Hi, Some young friends of mine are using a crèche in a small cul- de- sac virtually opposite Barclays Bank which is the branch at the top of Pueblo Lucia, if you come up the road from the mercado central, Publo Lucia is on the right, Pueblo Lopez on the left,and this small road is at the top of Pueblo Lopez, last street before the roundabout, I am unable to find the name but it's very easy to park in front of the bank, just cross the rd.
This crèche has been there for many years, although Spanish I think there will be many foreign infants. Just think, your baby will be speaking Spanish within a few short months and English at home, what a wonderful opportunity for your son.
Sorry, don' t know about the fees but this crèche has been there at least 20 years so won't be too expensive by Spanish standards. Regards Rob


----------



## Frankie 737 (Mar 28, 2010)

Thank you all for your suggestions, We will try them out.


----------



## Phsye (Aug 4, 2010)

rjnpenang said:


> Hi, Some young friends of mine are using a crèche in a small cul- de- sac virtually opposite Barclays Bank which is the branch at the top of Pueblo Lucia, if you come up the road from the mercado central, Publo Lucia is on the right, Pueblo Lopez on the left,and this small road is at the top of Pueblo Lopez, last street before the roundabout, I am unable to find the name but it's very easy to park in front of the bank, just cross the rd.
> This crèche has been there for many years, although Spanish I think there will be many foreign infants.
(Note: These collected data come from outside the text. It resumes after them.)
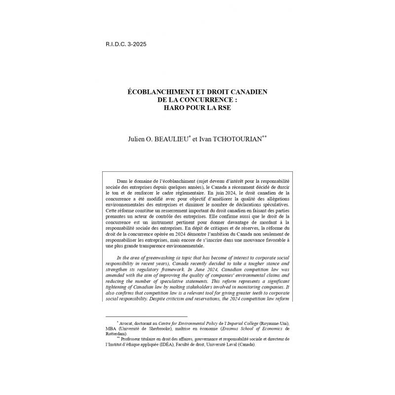 J. Beaulieu & I. Tchotourian, "Ecoblanchiment et droit canadien de la concurrence : haro pour la RSE", n° 3, 2025, pp. 213-234.
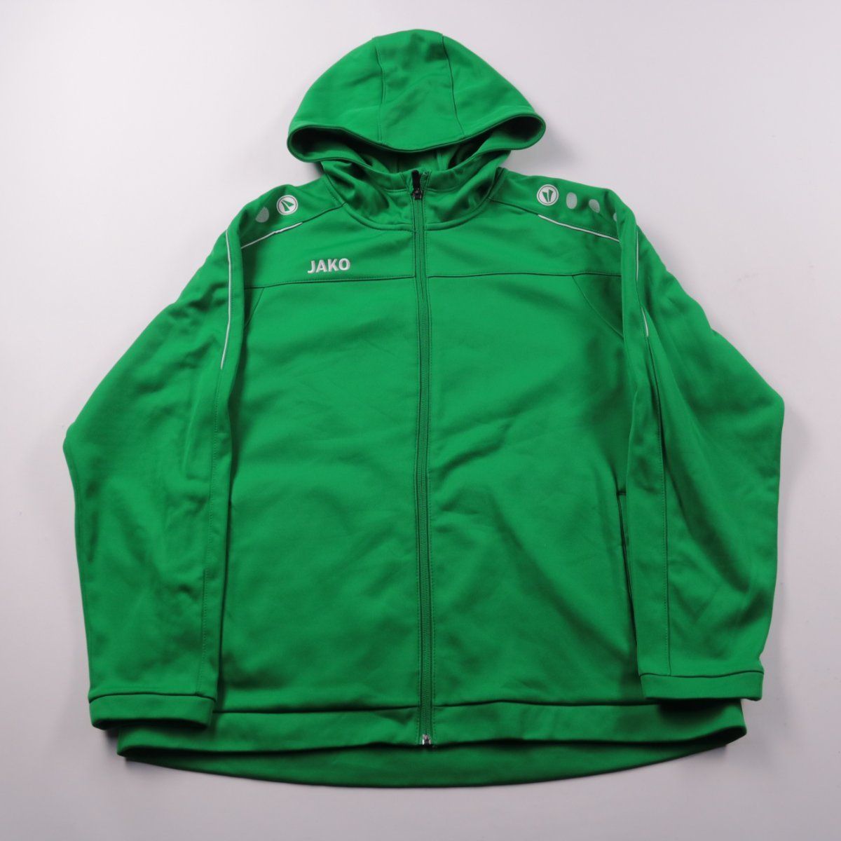 Спортивная толстовка Jako на молнии с капюшоном, выполнена в ярком зелёном цвете и с контрастными вставками на плечах. Подойдёт для тренировок, прогулок и повседневной носки в прохладную погоду. Практичный плюс — лёгкий полиэстер быстро сохнет и прост в уходе.
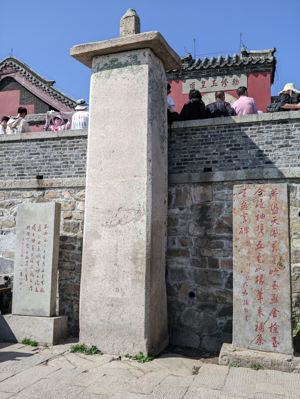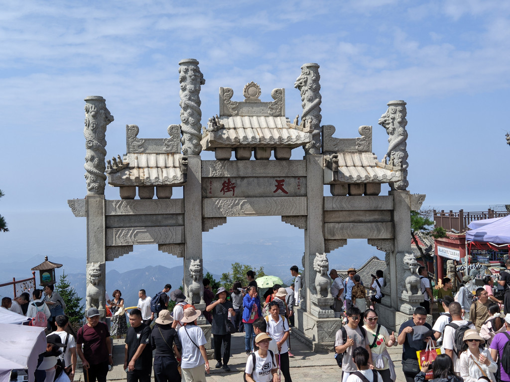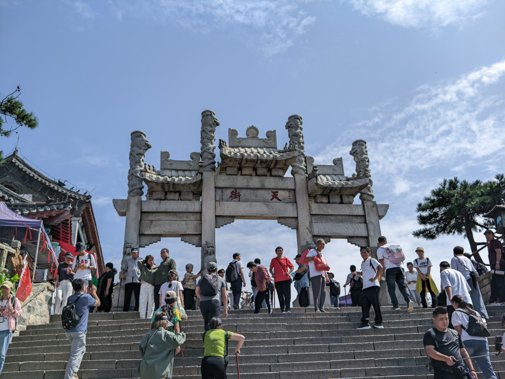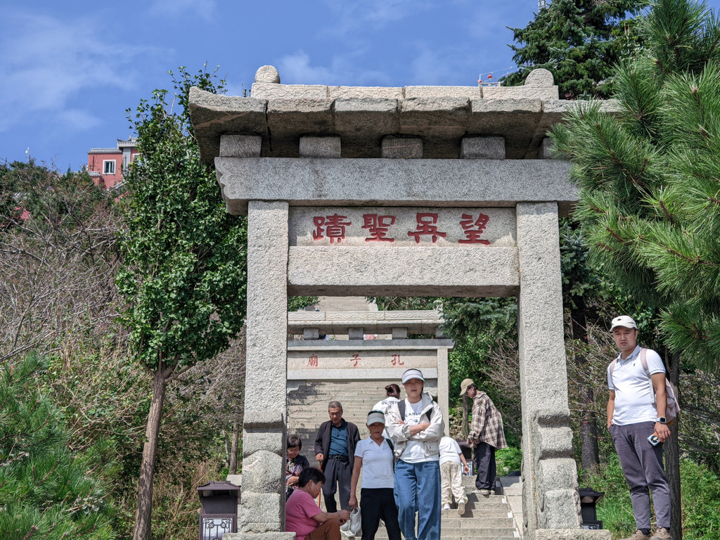 快到碧霞祠的山脊一侧,有一石坊为“望吴胜迹”,这里就是望吴峰,其海拔1472米处有我国唯一高山孔子庙,庙内供奉“文帝”孔圣人。体力关系,我没上去孔子庙。
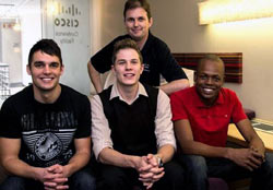 NMMU-cisco-students-250Ryno Schoeman, Pieter Delport and Wonga Vika with NMMU lecturer Shaun Vincent (Image: Cisco)The annual Cisco NetRiders competition tests the skills of Cisco networking students from around the world in a challenge that progresses from country level, to a global level. Students compete individually, and three top scores per participating country move on to participate in the regional NetRiders competition.
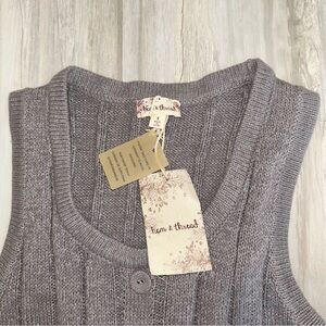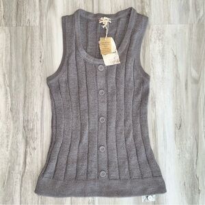 NWT sleeveless ribbed knit tank with a front button closure.
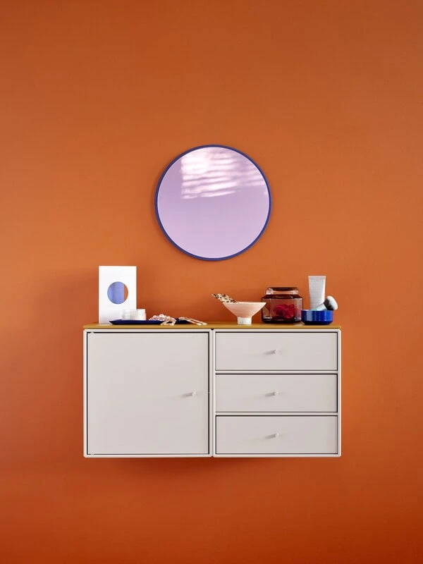 Der Montana-Mini-Spiegel besteht aus einem einfachen, geometrischen Spiegelglas, das auf einer lackierten MDF-Platte angebracht ist. Die Spiegel können einzeln oder in Gruppen an der Wand montiert werden und passen in Farbe und Form perfekt zu den Montana-Mini-Modulen.

Just think, your baby will be speaking Spanish within a few short months and English at home, what a wonderful opportunity for your son.
> Sorry, don' t know about the fees but this crèche has been there at least 20 years so won't be too expensive by Spanish standards. Regards Rob


Spanish in the Guadaría and English at home is a great mix if you are in Spain. The only advice I can give is to visit several and then spend time in each one before choosing. Actual quality varies a lot and is not immediately obvious, spending an hour in the classroom with the teacher and talking to the owner is the best measure. In my experience all the good guadarías will tell you that they are full when you first call, but, they will ask you to come and visit first so they get to know you... space 'may' then be found.

We have moved Spain to UK and back to Spain again in the last two years and have found this to be the norm in the recommended nurseries in both countries.


----------